Son pouvoir de séduction, la hantise de déplaire, un souci obsessionnel de l'image et de la communication, un autoritarisme tempéré par la patience et l'écoute ressortent des portraits qui sont régulièrement faits de lui. La classe politico-médiatique, à plusieurs reprises, voit en lui un Premier ministre en puissance. Y compris dans la Flandre majoritaire dont le profil dominant, plus à droite et nationaliste, s'accommode pourtant mal, a priori, d'un leader fédéral à la fois socialiste et wallon...
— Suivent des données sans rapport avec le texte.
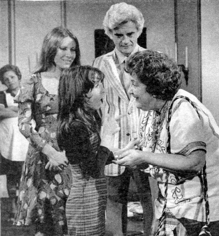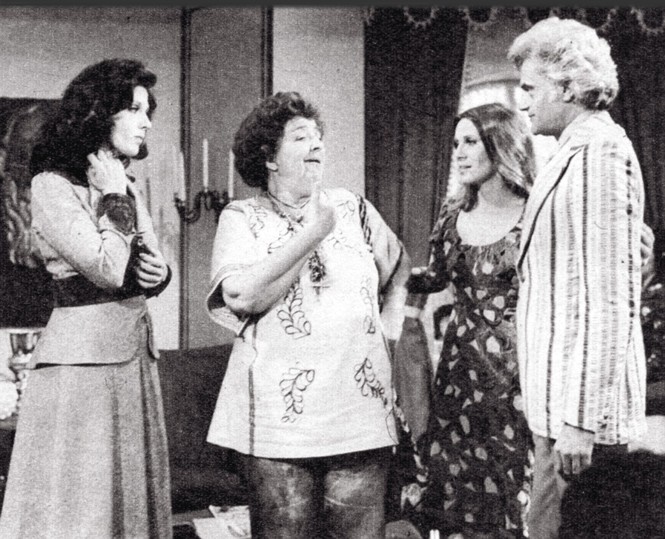 | Zilka Salaberry com Maria Luiza Castelli, Osvaldo Loureiro e Cláudia Loureiro em Corrida do Ouro (TV Globo, 1974/75), novela de Gilberto Braga e Lauro César Muniz |

C'est en décembre 2011 qu'il accède à la fonction, à l'issue de plus de cinq cents jours de la crise politique la plus longue de l'histoire du pays, et après deux étapes intermédiaires : il est nommé par le roi Albert II « préformateur » en juillet 2010 et formateur en mai 2011. Face à de considérables défis institutionnels, financiers et socioéconomiques, il dirige une coalition de six partis, couvrant le large spectre idéologique des trois familles politiques traditionnelles (socialiste, chrétienne-humaniste, libérale). Son gouvernement s'attelle aussitôt à des urgences budgétaires laissées en suspens depuis les élections fédérales de juin 2010, notamment par un aménagement des fins de carrière. Il s'attache également à concrétiser ce qui deviendra la sixième réforme de l'État. Dans ce registre institutionnel qui requiert des majorités parlementaires plus larges (aux deux tiers des voix), les deux partis écologistes apportent, de l'extérieur de la coalition, leur soutien au gouvernement. La première étape de cette réforme s'achève le 13 juillet 2012 avec notamment le vote, hautement symbolique, de la scission de l'arrondissement électoral et judiciaire de Bruxelles-Hal-Vilvorde, demandée de longue date par les Flamands. À la Chambre, Elio Di Rupo fait ce commentaire : « On peut désormais aller vers une Belgique plus moderne, avec un État fédéral plus efficace mais aussi des régions et des communautés plus fortes. » En mai 2014, à la suite de la prog [...]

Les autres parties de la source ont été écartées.